A provision in the South Carolina Constitution of 1868 required the General Assembly to elect the governor in the event of a disputed election. On December 6, the Republican General Assembly, claiming a majority because the votes of Edgefield and Laurens counties had been excluded, elected Chamberlain to a second term. He began his new term the following day, declaring in his inaugural address, "I regard the present hour in South Carolina as a crisis at which no patriotic citizen should shrink from any post to which public duty may call him. If we fail now our Government the Government of South Carolina will no longer rest up on the consent of the governed."

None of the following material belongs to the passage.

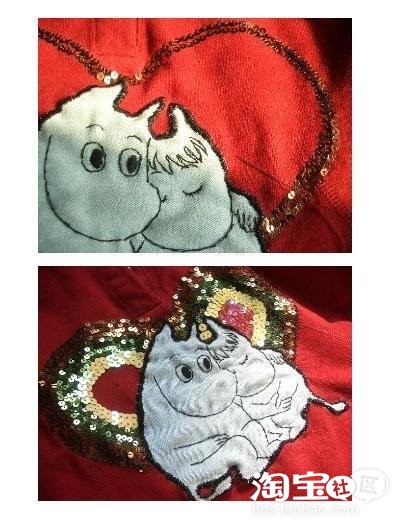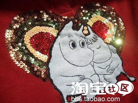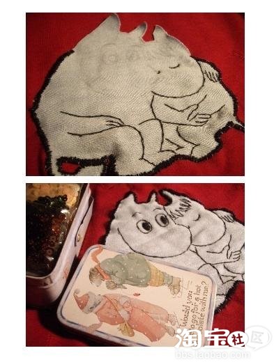 第2步:把剪下来的牛仔布缝到红T的胸口,这1步ms只有1张图,其实却是最费工的,手工锁边累死个人阿。第3步:翻出n色亮片1盒(这个熊盒子俺很喜欢...)

In December 1876, some Democrats in the General Assembly declared themselves a quorum, even though some of their offices had been declared vacant due to allegations of election fraud. They claimed to be the legitimate government and elected Hampton governor. Their inauguration was held at Carolina Hall, now the Longstreet Theatre, instead of the Statehouse. From December 1876 to April 1877, the Republican and Democratic factions conducted business as if the other did not exist. Historian Ronald F. King argues that neither faction had legitimacy, although they continued to debate and pass legislation. On December 6, the South Carolina Supreme Court ruled that the Democratic legislature was the legitimate government. Federal troops, however, remained loyal to Chamberlain and the Republican government and continued to bar Democrats from the statehouse.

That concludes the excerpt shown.